The data that getTrash() passes back to the callback has essentially the same structure as what is passed back by the getChildren() method: an object with a single repositoryFileDto property, which holds an array of file objects. However, since the file objects are in the trash, they have a couple of properties that are specific to discarded items:
deletedDate
A string that can be parsed as an integer to get the timestamp indicating the date/time this node was deleted.
originalParentFolderPath
A string that holds the original path of this file object before it was discarded to the trash folder. This is essential information in case you want to restore an item from the trash, since its actual own path property will be something like /home/admin/.trash/pho:4cce1a1b-95e2-4c2e-83a2-b19f6d446a0d/filename and refers to its location in the trash folder, which most likely means nothing to an end user.

Creating new directories

The sample application handles a click event on the "New Directory" toolbar button by calling the newDirectory() function. This function calls the createDirectory() method of the Phile object to create a new directory inside the currently selected directory:
    function newDirectory(){
      var path = getFileNodePath(selected);
      var name = prompt("Please enter a name for your new directory.", "new directory");
      if (name === null) {
        alert("You did not enter a name. Action will be canceled.");
        return;
      }
      var newPath = path + Phile.separator + name;
      phile.createDirectory({
        path: newPath,
        success: function(xhr, options, data) {
          selected.lastChild.innerHTML = "";
          selected.setAttribute("data-state", "expanded");
          getChildrenForPath(path);
        },
        failure: failure
      });
    }
As you can see, the user is presented with a prompt to get a name for a new directory, and this is simply appended to the path of the currently selected directory. This new path is then passed in the path property of the argument to the createDirectory method of the Phile object. (Please note that a serious application would provide some checks to validate the user input, but in order to demonstrate only the principles of using Phile, the sanmple application takes a few shortcuts here and there.)

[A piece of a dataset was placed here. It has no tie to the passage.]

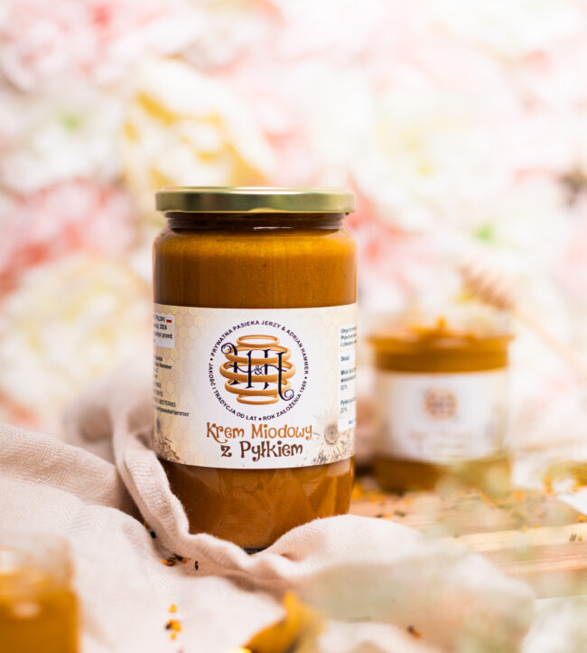 Połączenie pyłku kwiatowego i miodu wielokwiatowego. Pyłek w miodzie jest gotowym do spożycia produktem, nie zawierającym żadnych sztucznych dodatków. Jest kremową mieszaniną naturalnego miodu wielokwiatowego i mielonego pyłku kwiatowego. Regularnie stosowany doskonale odżywia, uodparnia i wspomaga organizm. Już po kilku dniach można zauważyć lepsze samopoczucie i poprawę w obrazie krwi.

The createDirectory() method is implemented by doing a PUT request to the /api/repo/dirs service. One might expect to be returned a file object that represents the newly created directory, but alas this is not the case: the request does not return any data. The sample application refreshes all of the children of the parent directory instead. (Please note that this is just a quick way to ensure the treeview reflects the new state of the directory accurately. A serious application should probably change the gui to add only the new directory, and otherwise retain the state of the tree. Again this is a shortcut just to keep the sample application nice and simple.)

Sorting file objects

When working with methods like getTree(), getChildren() and getTrash(), it may be needed to sort an array of file objects. For example, in the sample application, the treeview first presents all folders, and then the files, and within these types of file objects, the items are sorted alphabetically. The trash pane takes a different approach, and sorts all files based on their original path.

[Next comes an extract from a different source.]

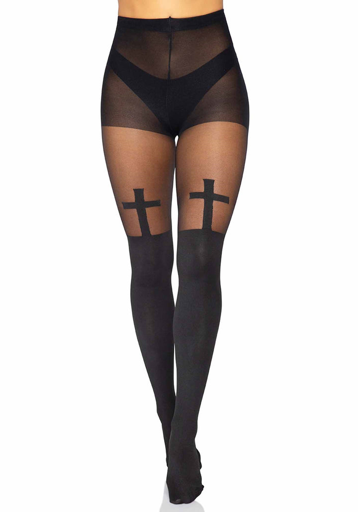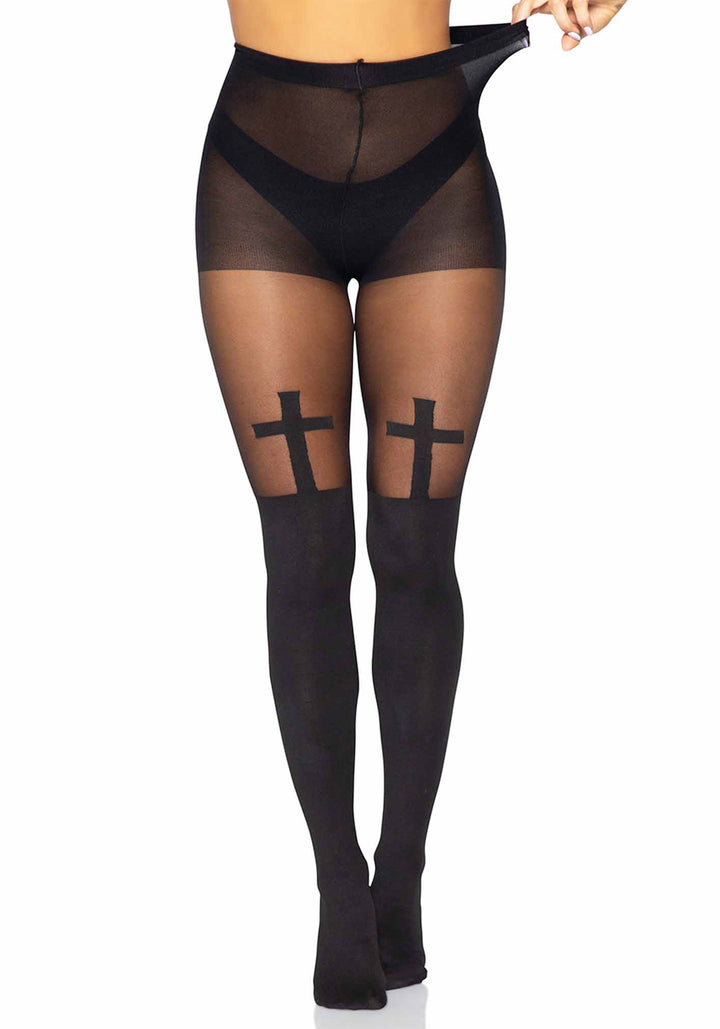 Spandex ogenomskinliga strumpbyxor med korstryck, med transparent lårdekor

In the sample application this is achieved simply by calling the native sort() function on the array in which the file objects are received. But to achieve a particular type of sort, a comparator function is passed into the sort function.

Built-in file comparators

Phile offers a number of static general purpose file comparators:
compareFilesByPathCS()
Compares files by path in a case-sensitive (CS) manner.
compareFilesByOriginalPathAndName()
Compares files by orginal path, and then by name (in a case-sensitive manner).
compareFilesByTitleCS
Sorts folders before files, and then by title in a case-sensitive manner (CS).
compareFilesByTitleCI
Sorts folders before files, and then by title in a case-insensitive manner (CS).
Each of these methods can be of use in certain contexts. For example, the comparison implemented by compareFilesByPathCS() will by many people be regarded as the "natural" order of file objects, and this might be a useful sort order for things like autocomplete listboxes and such. The compareFilesByTitleCS() and compareFilesByTitleCI() methods on the other hand implement an order that is most suitable when presenting the files in a single directory in a GUI. And compareFilesByOriginalPathAndName() may prove to be useful when sorting items from the trash, since it takes the original name and location into account rather than the actual, current name and location.

The sample application uses the sortFiles() function to sort files in the treeview:
    function sortFiles(files){
      files.sort(Phile.compareFilesByTitleCI);
    }
As you can see, it's simply a matter of calling sort() on the array of files and passing the appropriate comparator. Since the comparators are static properties of the Phile constructor itself, it's qualified by prepending Phile. to its name.

Creating custom comparators

Phile offers a useful utility method to generate new comparators called createFileComparator(). The createFileComparator() is static an attached as a property directly to the Phile constructor itself, so in order to call it, it must be qualified, like so: Phile.createFileComparator().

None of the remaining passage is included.